The smears show three-dimensional cohesive clusters in papillary configurations comprising of medium-sized neoplastic cells with high nucleocytoplasmic ratios, scant cytoplasm, and ovoid hyperchromatic nuclei with fine to coarsely granular chromatin. The nucleoli are usually less conspicuous. Superficially, the morphologic features in the effusions may resemble the ductal variant of pancreatic adenocarcinoma; however, the three-dimensional papillary formations associated with papillary carcinoma are numerous. In contrast, the papillary formations associated with the ductal variant of pancreatic adenocarcinoma are relatively flat and are less frequently seen in effusions.

Poorly differentiated small cell carcinoma

There is significant overlap in the morphologic features of poorly differentiated small cell carcinoma of the lung and the pancreas. The smears show isolated small cells or loose groups of small cells with high nucleocytoplasmic ratios, scant cytoplasm, hyperchromatic nuclei with ‘salt and pepper’ chromatin, and unrecognizable or inconspicuous nucleoli. In contrast to poorly differentiated small cell carcinoma of the lung, the nuclei in these carcinoma cells are relatively regular in shape, without significant nuclear molding, and proliferation spheres are uncommon.

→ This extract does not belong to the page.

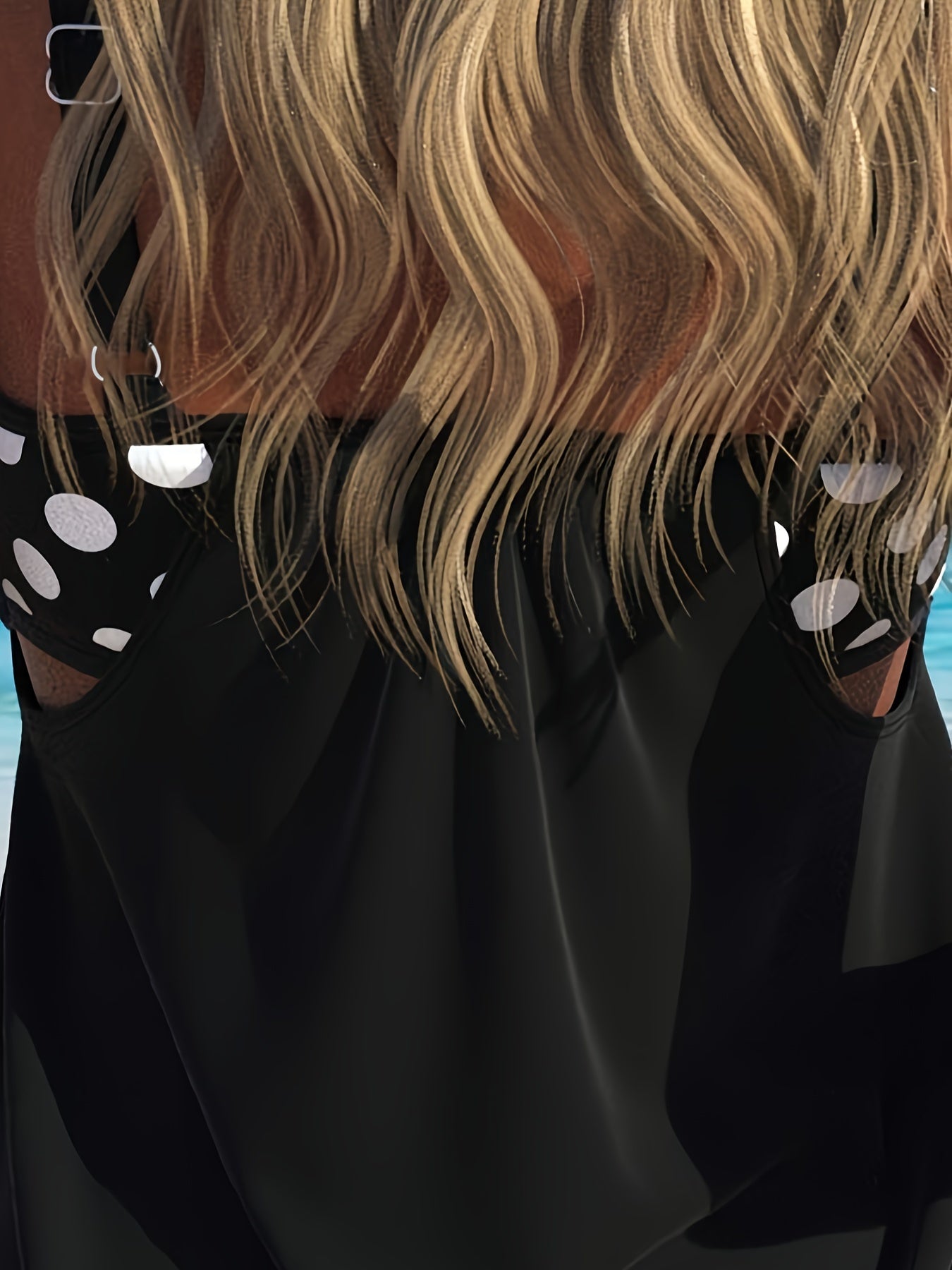 Women's Tankini Swimsuit Set With Polka Dot Shorts, Two-Piece Swimwear, Black Sleeveless Top, Beachwear

Pleomorphic giant cell carcinoma

This is a highly aggressive but rare variant which metastasizes early, and is commonly associated with malignant effusions. The smears show numerous, large, isolated, mononucleated or multinucleated neoplastic giant cells with a moderate to large amount of well-defined cytoplasm without mucin. Their large, pleomorphic, hyperchromatic nuclei with irregularly distributed coarsely granular chromatin have prominent nucleoli. Effusions do not demonstrate the osteoclast-like giant cells seen in histologic sections of some of these carcinomas. The cytomorphology overlaps with other pleomorphic carcinomas and sarcomas.

HEPATOCELLULAR CARCINOMA

Hepatocellular carcinomas of any type is a rare cause of malignant effusion. Hepatocellular carcinomas have higher tendancy to be associated with floridly reactive mesothelial cells which may lead to atypical interpretations with higher frequency.[53] The smears contain loosely cohesive groups of medium-sized carcinoma cells with moderate amounts of granular cytoplasm and large, round to oval, hyperchromatic nuclei with fine to coarsely granular chromatin and variably prominent nucleoli.[54] Some cancer cells in groups may contain inspissated bile (which appear yellow yellow even in DiffQuik stained preparations). The poorly differentiated lesions show many poorly cohesive cells with prominent nucleoli and frequent multinucleation.

ADENOCARCINOMA OF THE BILIARY TRACT (CHOLANGIOCARCINOMA) [Figure 12]

Figure 12:: Metastatic cholangiocarcinoma, peritoneal fluid. Cancer cells (red arrows in a,h) are present mostly as solitary cells with eccentric nuclei touching the periphery of the cells (b,d,i,k,l) with occasional loosely cohesive groups of cancer cells (a,f) and reactive mesothelial cells (c,e,j and arrowheads in a,h). A few cells show cytoplasmic vacuoles (i) with secretion (yellow arrow in l), which is positive for mucicarmine in cell-block sections (n). Some apoptotic cancer cells (yellow arrow AP) are also present (g,m). The morphologic features overlap those of other mucinous adenocarcinomas. The patient had cholangiocarcinoma with a mucinous pattern. AP, apoptotic cancer cell; NC, neoplastic cell; RM, reactive mesothelial cell. [a–g: DQ-stained Cytospin smear; h–m, PAP-stained SurePath preparation; n, mucicarmine-stained cell-block section. (a, 100X; b–g, 100X zoomed; h, 100X; i–m, 100X zoomed; n, 100X zoomed).]

Intrahepatic and extrahepatic cholangiocarcinomas have similar cytomorphologic features, and they overlap significantly with the ductal variant of pancreatic adenocarcinoma [see Figure 4]. The cohesive groups or papillary-like formations of medium-sized cells show scant cytoplasm and ovoid, hyperchromatic nuclei with finely granular chromatin. The nucleoli are usually not prominent. Only proper clinical correlation and imaging techniques can demonstrate the actual origin of these neoplasms. The non-secretory variant of cholangiocarcinoma is more frequently recognized in effusion cytology. However, mucin-producing [see Figure 12] and papillary cholangiocarcinomas may also be manifested as metastatic adenocarcinoma in malignant effusions.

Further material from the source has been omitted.